Stuart had unknowingly pinned the little mouse with the tire as he lifted it out of the trunk, and the mouse had been crushed. Its little furry body now twitched in a very familiar way that my guinea pig had done right before it croaked.
"OH MY GOSH, STUART!" I screeched. "IT'S DYING!"
"No, it can't be," Stuart answered.
"No, Stuart, it's definitely dying! Oh my gosh!! I can't believe you killed it! Why did you do that?" I cried, smacking him in the arm repeatedly.
"I didn't mean to!"
A minute later, the twitched stopped. The mouse was dead. We both stared at it.
After much more accusation on my part, Stuart gingerly lifted the mouse by the tail and tossed it into the brush behind our trailer. The quest for the other mice continued.

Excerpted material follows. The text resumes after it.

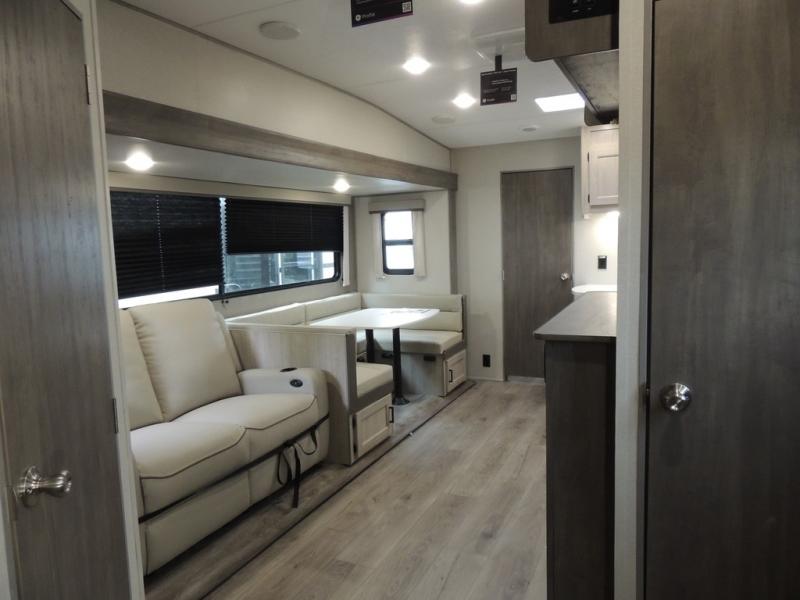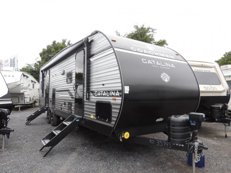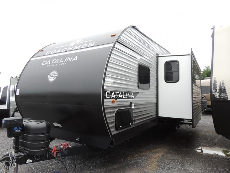 The best looking, most affordable toy hauler is found in the Catalina Trailer Blazer by Coachmen. Each one is constructed with a seamless alpha roof membrane, an enclosed and fully sealed underbelly, and a cambered structural steel I-beam frame for added support. There is a rear loading cargo door with a 3,000 lb. capacity, a black out screen wall with a zip walk-thru and windows, plus 500 lb. tie-downs to secure your toys. You'll love the interior with its Congoleum woodplank linoleum flooring and LED interior lighting. Head outside to find an electric awning with multicolored LED lights and a remote, a 15' Toy Loc cable, a "Leash Link" quick hookup D-ring for pets, and upgraded aluminum wheels. The Catalina Trail Blazer also comes with a JBL Aura Cube media center, plus premium JBL interior speakers for your pleasure!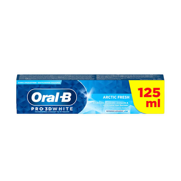 Za osmijeh kao s reklame, odaberite Oral-B PRO 3DWHITE ARTIC FRESH pastu za zube, koja je znanstveno potvrđena u borbi protiv mrlja. Uživajte u vidljivom izbjeljivanju već nakon prve upotrebe, dok redovna upotreba vraća vašim zubima njihovu prirodnu bjelinu i sjaj. Osjetite kako Oral-B PRO 3DWHITE ARTIC FRESH transformira vašu svakodnevnu oralnu higijenu i daje vam zdrav, blistav osmijeh.

"Don't kill them this time," I warned.
There are many small holes and crevices in a trunk, even with all the layers and the spare tire removed. In Stuart crawled into the back of my trunk with a flashlight to peer into the holes.
"Look! There's one! I can see its ear," he said. "Do you see it?"
"No!" I answered.
Out popped a smaller gray mouse, and I screamed... of course.
"Get it!! Trap it!" Stuart yelled, and I plopped the Tupperware dish over the mouse.
Now begins the part of communication. It is very difficult with my slightly distracted animal-loving brain, which wants to examine and "play" with the mouse, while Stuart's practical-thinking brain wants to immediately get rid of it. His impatience mixed with my distraction created a bad case of lack of communication. While Stuart tried to edge the thin sketchpad underneath the Tupperware, I tried to keep the mouse in as he tried to wriggle his way out, which is simple enough for him to do considering the bowl was perched on an uneven surface. We were doomed to fail from the beginning! With both of us trying to do it in the way we deem best, it wasn't long before baby mouse scrambled underneath the rim of his plastic prison, danced back and forth, then disappeared into a smaller hole than the one we had found him in.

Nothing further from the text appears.